Use Structured() for NumPy structured (record) dtypes:

import numpy as np
from beartype import beartype
from bearshape import N
from bearshape.numpy import Structured

Point = Structured([("x", np.float32), ("y", np.float32)])

@beartype
def process_points(pts: Point[N]) -> Point[N]:
  return pts

pts = np.zeros(10, dtype=[("x", np.float32), ("y", np.float32)])
process_points(pts)  # OK

wrong = np.zeros(10, dtype=[("a", np.float32), ("b", np.float32)])
process_points(wrong)  # Raises

Endianness variants

For multi-byte dtypes, create endianness-constrained types programmatically using make_array_type with endianness DtypeSpec constants:

import numpy as np
from beartype import beartype
from bearshape import N, C, make_array_type
from bearshape._dtypes import FLOAT32_LE

F32LE = make_array_type(np.ndarray, FLOAT32_LE)

@beartype
def process_le(x: F32LE[N, C]) -> F32LE[N, C]:
  return x

process_le(np.ones((4, 3), dtype="<f4"))  # OK
process_le(np.ones((4, 3), dtype=">f4"))  # Raises

Available suffixes: _LE (little-endian), _BE (big-endian), _N (native).

Custom array types

Use make_array_type and make_array_like_type to create types for custom array classes or dtype combinations:

import numpy as np
from bearshape import DtypeSpec, make_array_like_type, make_array_type

MIXED = DtypeSpec("MixedPrecision", frozenset({"float16", "float32"}))

MixedArray = make_array_type(np.ndarray, MIXED)
MixedLike = make_array_like_type(MIXED, name="MixedLike")
MixedExact = make_array_like_type(MIXED, casting="no", name="MixedExact")
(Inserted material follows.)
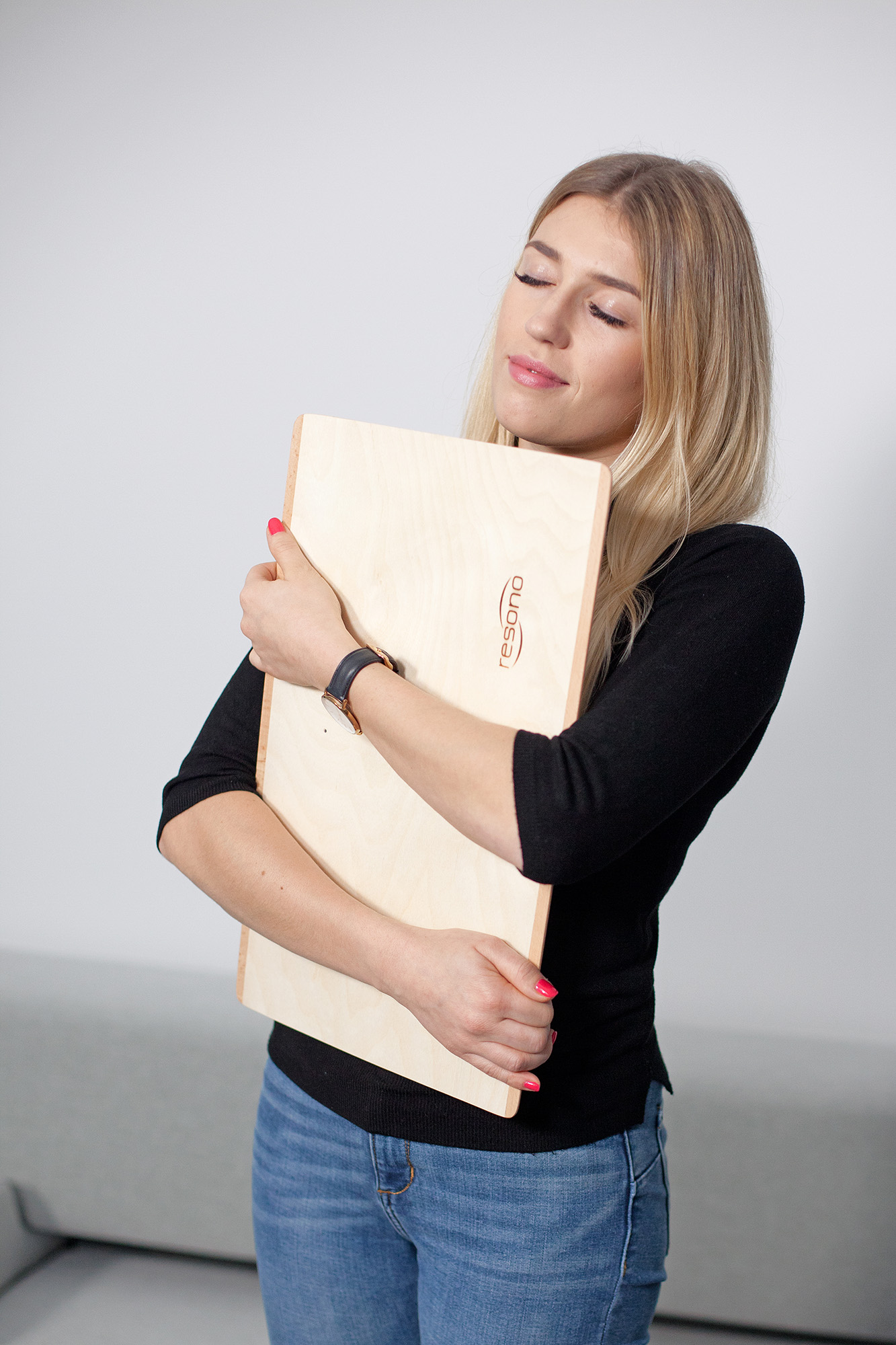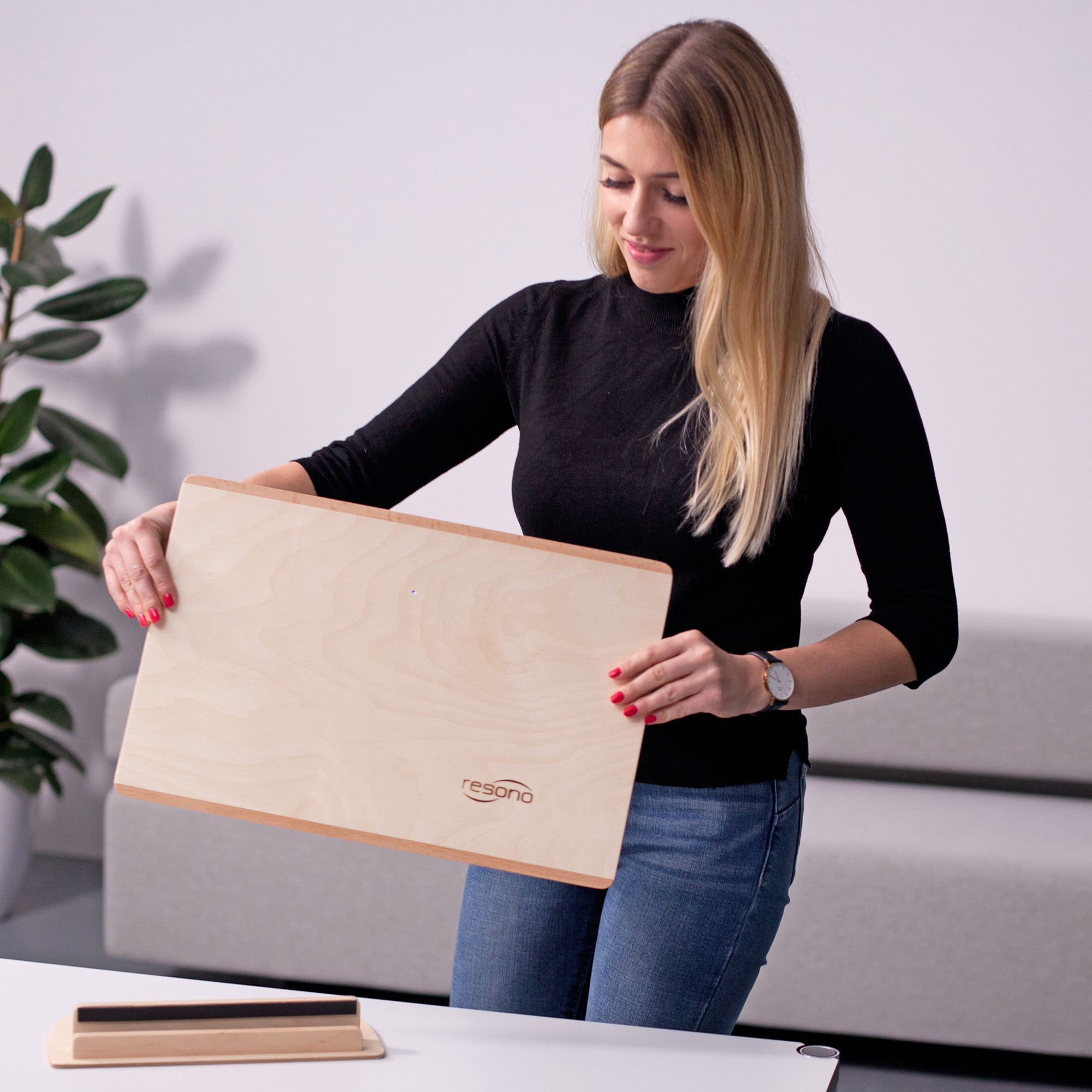 Resono SoundPad Mark II, Holzplatte mit Vibrationsmodulen, 48,5 x 34 x 3 cm

make_array_type is the strict array factory. make_array_like_type is the broader input-contract factory and is covered in more detail on Like Types.

DtypeSpec

DtypeSpec is the root abstraction behind these aliases:

  • allowed is the set of canonical dtype names
  • byteorder can restrict acceptance to "little", "big", or "native"
  • DtypeSpec.structured(...) matches one exact NumPy structured dtype layout

That makes it the right tool when the built-in alias set is close but not quite what you need.

When to use array types vs Like types

  • Use array types such as F32[N, C] when the function truly requires a real backend array object.
  • Use Like types such as F32Like[N, C] when callers may pass scalars, lists, tuples, or convertible foreign arrays that you immediately normalize yourself.